第56話
ある日の風呂。
「おにい、ち○こデッカい」
「ブフォッ!」
噴き出す和人だった。
「…………おい、誰に習ったんだその言葉。つーか、他の人のナニを見たことがあるのか」
「とりあえずち○こを褒めとけばモテるってALOの人が言ってた」
「もうそいつと関わるな。いいな?出会い頭に殺せ。お願いだから」
「分かった」
なんてやってると、ガチャッと風呂の扉が開いた。
「ゆーずーはーちゃん!一緒にお風呂入ろー!………って」
直葉が入って来た。数秒後、悲鳴とビンタの音が響いた。
*
「…………と、いうわけなんだ」
和人は明日奈と里香に相談していた。
「待ちなさい。あんた達一緒にお風呂入ってるの?」
「ああ。兄妹だし」
里香に聞かれてもケロっと答える和人。それにまず二人は呆れたようにため息をついた。
「まぁそこはいいよ。で、相談って?」
「で、そのせいなのかもわからんが兄目線で分かるくらいあいつは普通じゃない。まずこの歳で俺と風呂に入りたがる」
((あっ、おかしいとは思ってたんだ))
「あと寝てる時もいつの間にか俺と一緒に寝てるし、休み時間は必ず俺の教室にくる。高等部に。てかたま授業中でも来る。友達もいないっぽい」
和人の顔は真剣だった。
「だから、その……なんだ?兄離れさせてやって欲しいんだ」
「あー……うん。なるほどね」
「大体分かったわ」
で、二人は腕を組んだ。
「でもいいじゃん。懐いてもらえてるなら兄冥利に尽きるんじゃない?」
里香が言ったが、
「『ユズの処女あげる……』って言い出すほどの懐き具合なんだが……」
と、和人は一蹴する。
「いっそのこと突き放してみればいいじゃない」
「馬鹿野郎明日奈!そんな可哀想なこと俺が出来るか!」
「うん、なんか今のでユズちゃんがそうなる理由が大体わかった気がした」
明日奈がうへっとする。
「でも和人。実際、そうでもしないと無理だと思うわよ。
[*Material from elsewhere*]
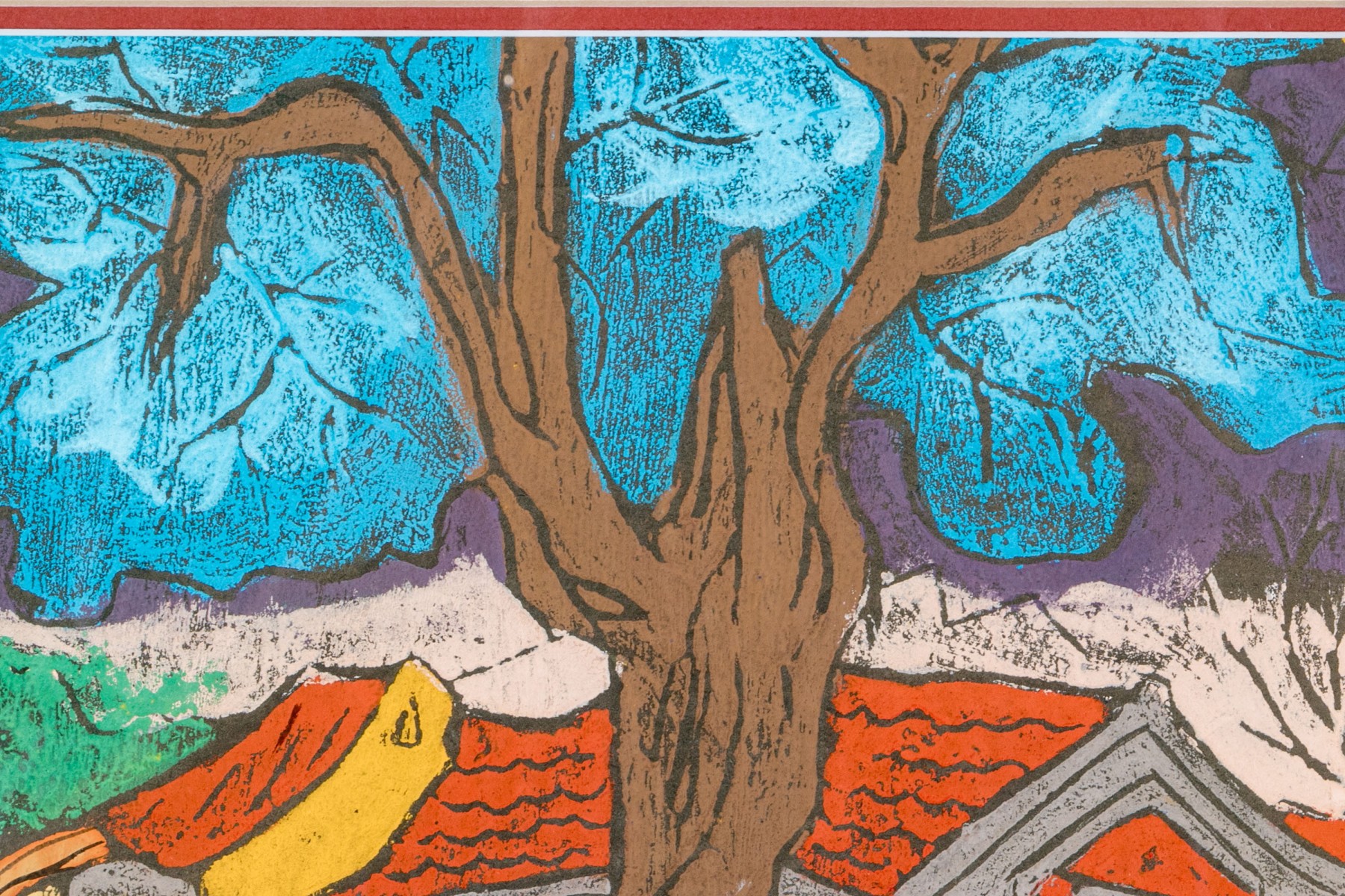 A well executed mixed media on paper painting depicting an expressionist style landscape with vivid hues imbued throughout the scene.

それくらい柚葉はあんたに依存してるもん」
里香が言うと和人は腕を組んで考える。
「で、でも……やっぱそんな可哀想なことは……」
「兄貴だったら甘いこと言ってないの」
ぴしゃりと里香が黙らせた。
「そうだよ和人くん。男だったらそういう事はキッチリ言わないと。ね?」
「むぅ……。わ、分かったよ」
*
そんなわけで、夜。飯を食い終わり、風呂も入った後、柚葉はいつものように和人の部屋へ向かった。
「おにい、お邪魔します」
だが、今日は和人は起きて待っていた。
「…………おにい?」
「ユズ、今日からお前は一人で寝なさい」
「えっ?」
「あとお風呂もダメだし学校の間はこっちに来ちゃダメだ。いいな?」
和人がそう言うと、柚葉はしばらく固まった後、すごすごと直葉の部屋に戻った。
「……これで良かったのかな……」
良くなかった、と次の日から思い知ることになった。